## Exercise prompt
Take the entries that follow and return exactly the lines from the one holding "Luckau Niederlausitz Stadtgraben" through the one holding "The right image", both included. Nothing else is needed.

## Supplied data
::::::
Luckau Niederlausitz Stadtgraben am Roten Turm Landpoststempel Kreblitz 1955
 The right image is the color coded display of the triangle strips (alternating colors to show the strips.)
::::::
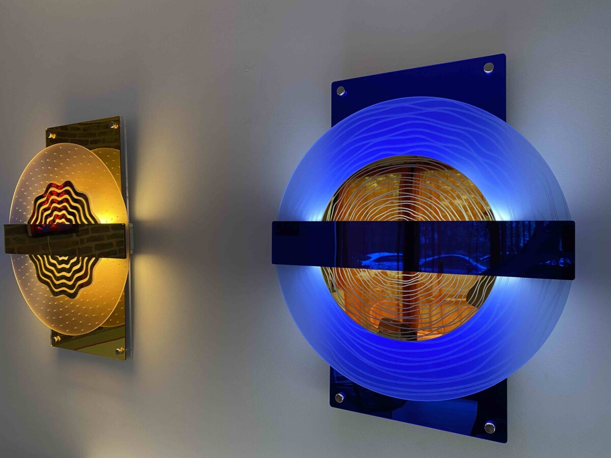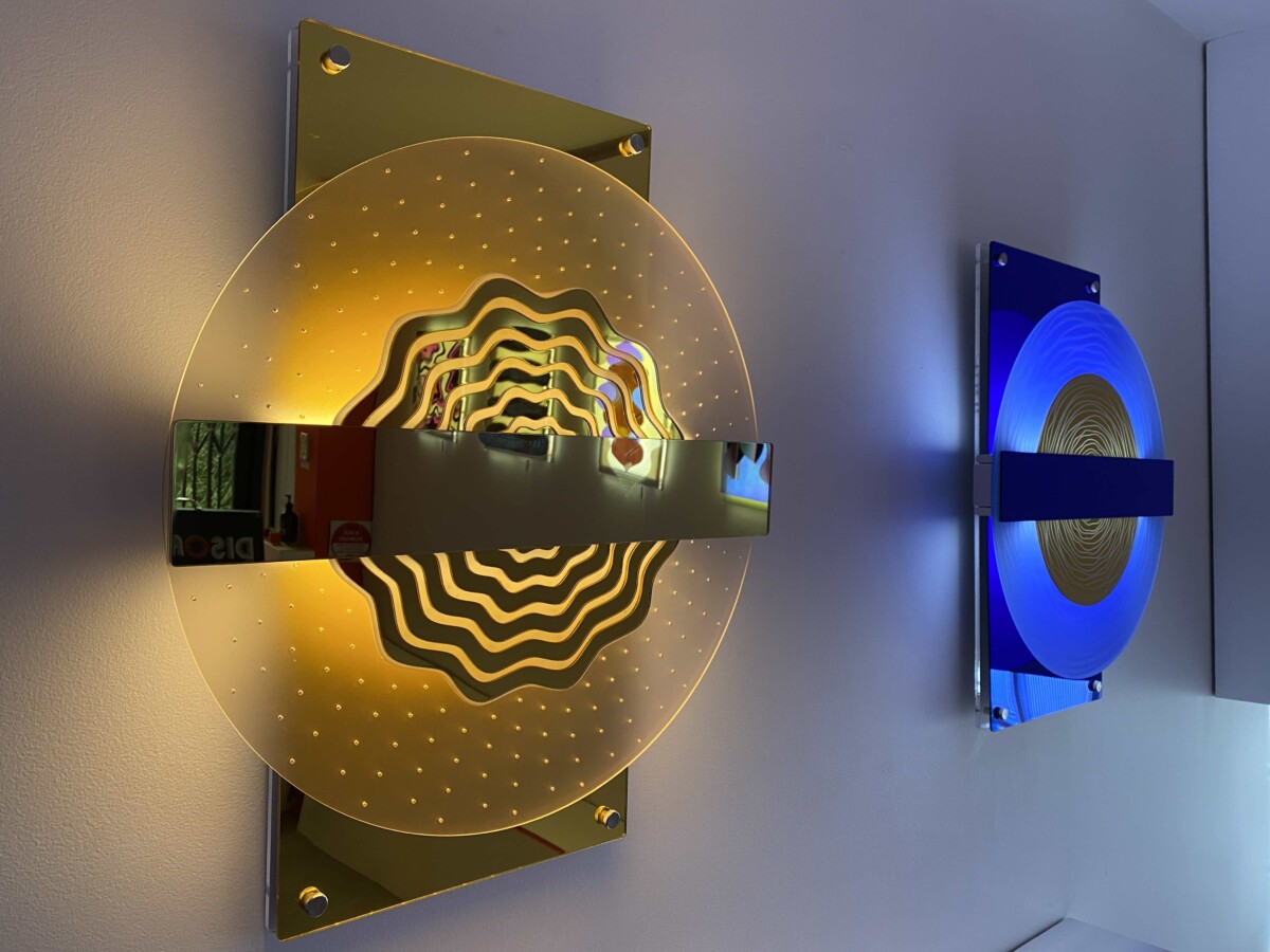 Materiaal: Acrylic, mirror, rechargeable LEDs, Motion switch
::::::
## Output below
Luckau Niederlausitz Stadtgraben am Roten Turm Landpoststempel Kreblitz 1955
 The right image is the color coded display of the triangle strips (alternating colors to show the strips.)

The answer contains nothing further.